-- WORK TO COMPLETE --
Would you return the lines that run from the start of the data below to the line with "Jordan Thompson, OHIO", both included, exactly as written and without pictures?

-- EXTRACTED DATA --
═══

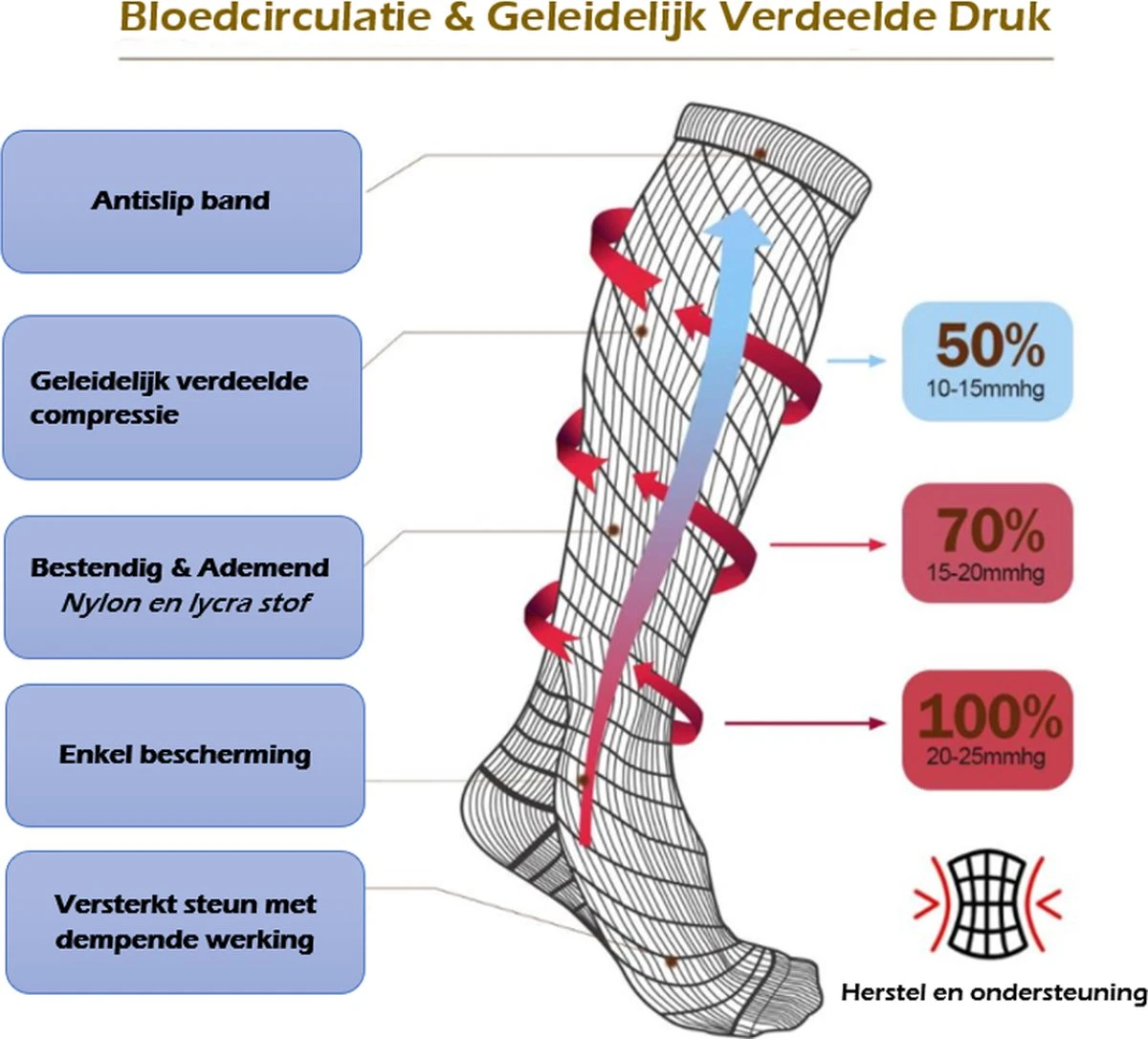 Compressie sokken of compressiekousen zijn onmisbaar bij het sporten. Door de vele voordelen zijn de compressie sokken ideaal voor: wandelen, hardlopen, crossfitten, wielrennen en nog veel meer! De sokken zijn ontworpen met een speciale compressietechniek. De sokken geven een lichte druk bij de enkel (20-25 mmHg), deze druk neemt naar de kuit toe geleidelijk af (10-15 mmHg)
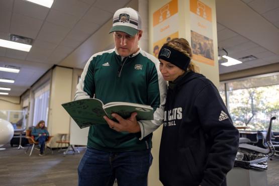 Jordan Thompson, OHIO class of 2012 with a bachelor’s in engineering technology management, and Ashley Thompson, spouse of Jordan Thompson, browse through University Archives’ publications at the Libraries’ Homecoming display held at Alden Library. Jordan Thompson had many late nights studying at Alden Library when he was an undergraduate at OHIO.
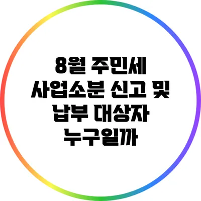 주민세 사업소분의 신고와 납부는 매년 8월, 이상적으로 세금을 미리 준비하는 것과 밀접하게 연결되어 있어요. 특히, 올해 모든 사업자들에게 이러한 의무가 부여되면서 그 중요성이 더 부각되고 있어요. 사업자의 신뢰와 세금 의무를 이행하는 것은 아무리 강조해도 지나치지 않아요. 주민세 사업소분 신고 및 납부 대상자에 대해 자세히 알아보도록 할게요.
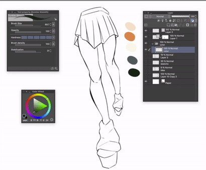 Pour l'ombrage, je commence normalement par des ombres à bords nets et je les adoucis ensuite. J'en ai ajouté sur les jambes, surtout sous la jupe, et aussi sur les vêtements. Pour ne pas peindre en dehors des lignes, j'ai sélectionné l'icône de double calque dans le menu des calques. Cela vous permet de dessiner uniquement sur le calque inférieur. Nous l'utiliserons aussi pour la lumière.
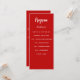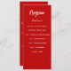 Program and menu card. Personalize and add your name, date and the menu. Red background, white text.
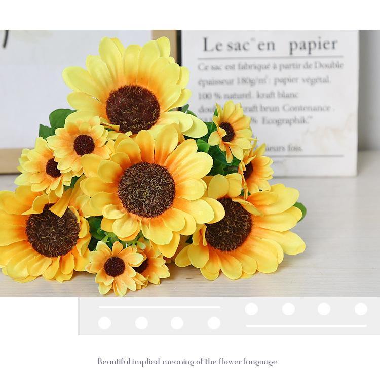 Girasol, flor artificial, girasol, venta al por mayor, decoración del hogar, accesorios de decoración, fábrica de flores de tela de seda, flor falsa
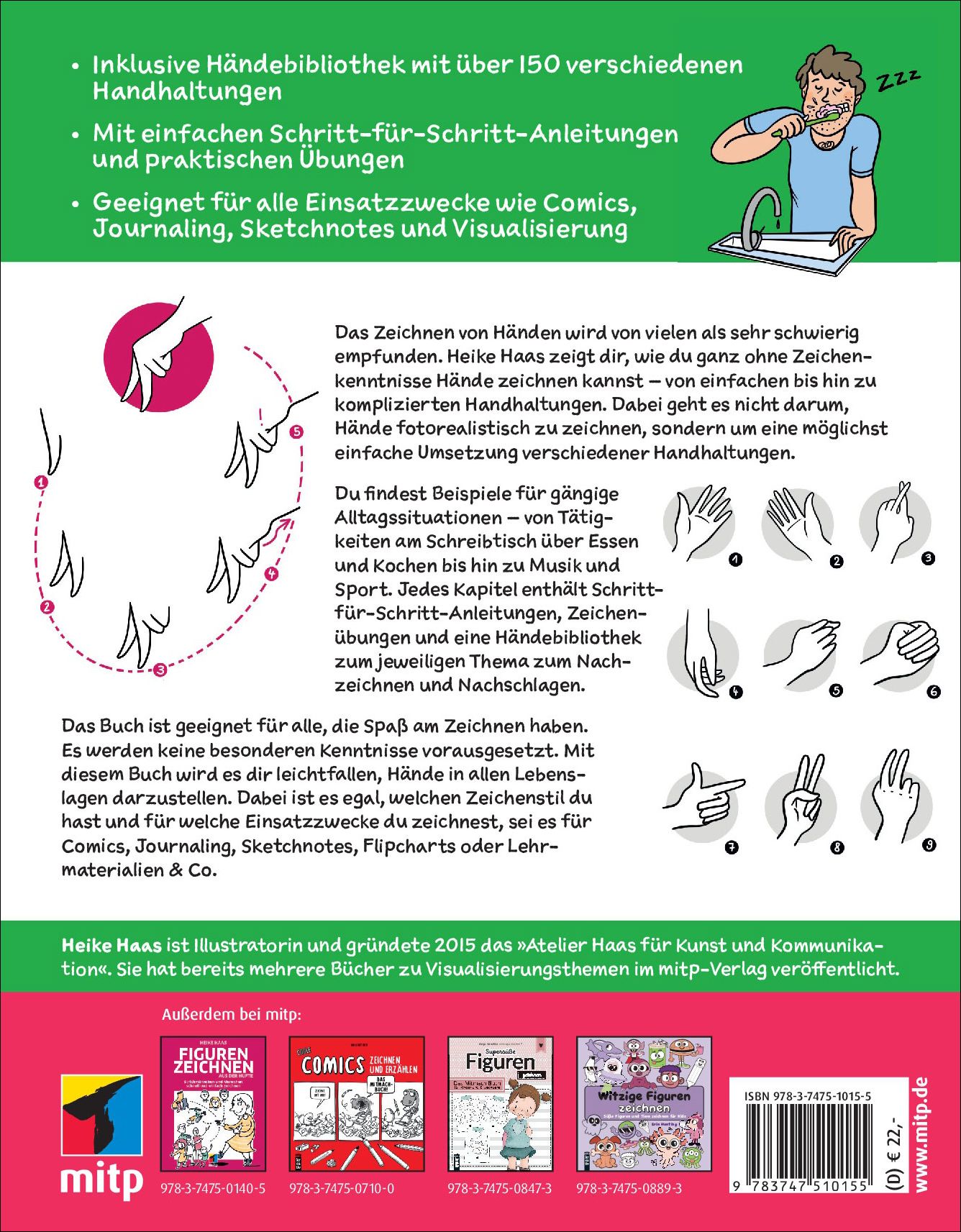 | Schlagworte | Anatomie der Hände • Buch • Bücher • Comicfiguren Hände • Comic-Kunst • Comic-Zeichenkurs • Comic zeichnen • einfache Zeichenübungen • Figuren zeichnen • Handdetails zeichnen • Hände für Comics • Hände im Comicstil • Hände im Manga-Stil • Hände skizzieren • Hände und Finger zeichnen • hände zeichnen • Hände zeichnen Anleitung • Hände zeichnen leicht gemacht • Hände zeichnen Tipps • Handillustration • Handposen zeichnen • Handstudien • Handzeichnungen • Heike Haas • Illustration • kreative Illustration • kreatives Zeichnen • mitp • Proportionen der Hände • Sketchnote-Anleitung • Sketchnotes • Skizzenbuch Hände • Zeichenanleitung für Hände • Zeichenbuch Hände • Zeichenideen für Anfänger • Zeichenschule • Zeichentechniken • Zeichenübungen • Zeichnen für Anfänger • Zeichnen Grundlagen • Zeichnen lernen • Zeichnen Schritt für Schritt • zeichnen wie ein profi |
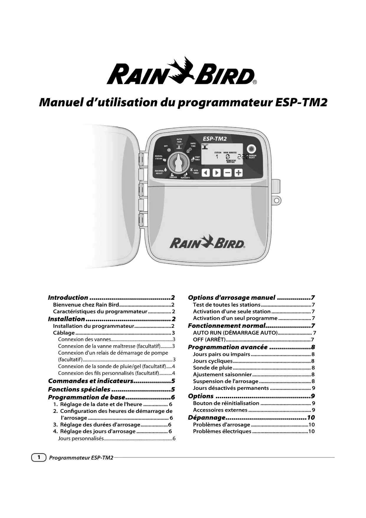 Rain+Birdt Manuel d’utilisation du programmateur ESP-TM2
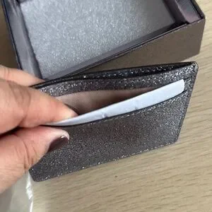 Keep your cards stylishly in check with the Kate Spade New York Small Glitter Slim Card Holder. Designed with a sleek silhouette and dazzling glitter finish, this chic accessory adds a touch of glamour to your everyday carry. Featuring multiple card slots and a compact size that fits perfectly in any handbag or pocket, it’s both fashionable and functional. Whether you're running errands or heading out for the evening, this card holder brings sparkle wherever you go.
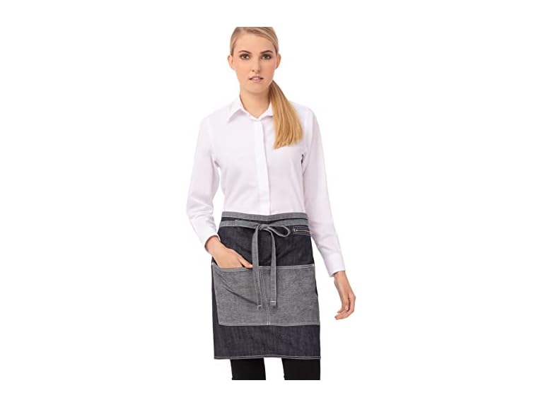 - (1) Chef Works Unisex Manhattan Half Bistro Apron, Indigo Blue, One Size
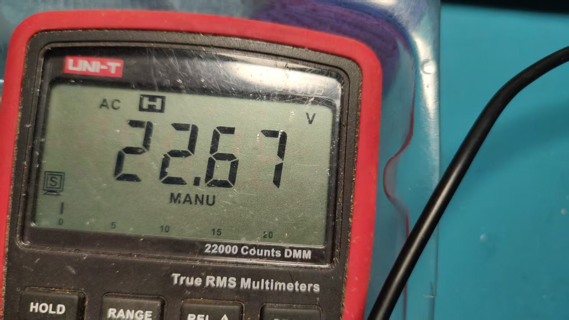 结果想起来一个事,心里感觉不太好,就真的用万用表测量了一下音响的音频接头,对地线的电压,果然很高:AC22.67V.

═══

-- TASK RESULT --
 Compressie sokken of compressiekousen zijn onmisbaar bij het sporten. Door de vele voordelen zijn de compressie sokken ideaal voor: wandelen, hardlopen, crossfitten, wielrennen en nog veel meer! De sokken zijn ontworpen met een speciale compressietechniek. De sokken geven een lichte druk bij de enkel (20-25 mmHg), deze druk neemt naar de kuit toe geleidelijk af (10-15 mmHg)
 Jordan Thompson, OHIO class of 2012 with a bachelor’s in engineering technology management, and Ashley Thompson, spouse of Jordan Thompson, browse through University Archives’ publications at the Libraries’ Homecoming display held at Alden Library. Jordan Thompson had many late nights studying at Alden Library when he was an undergraduate at OHIO.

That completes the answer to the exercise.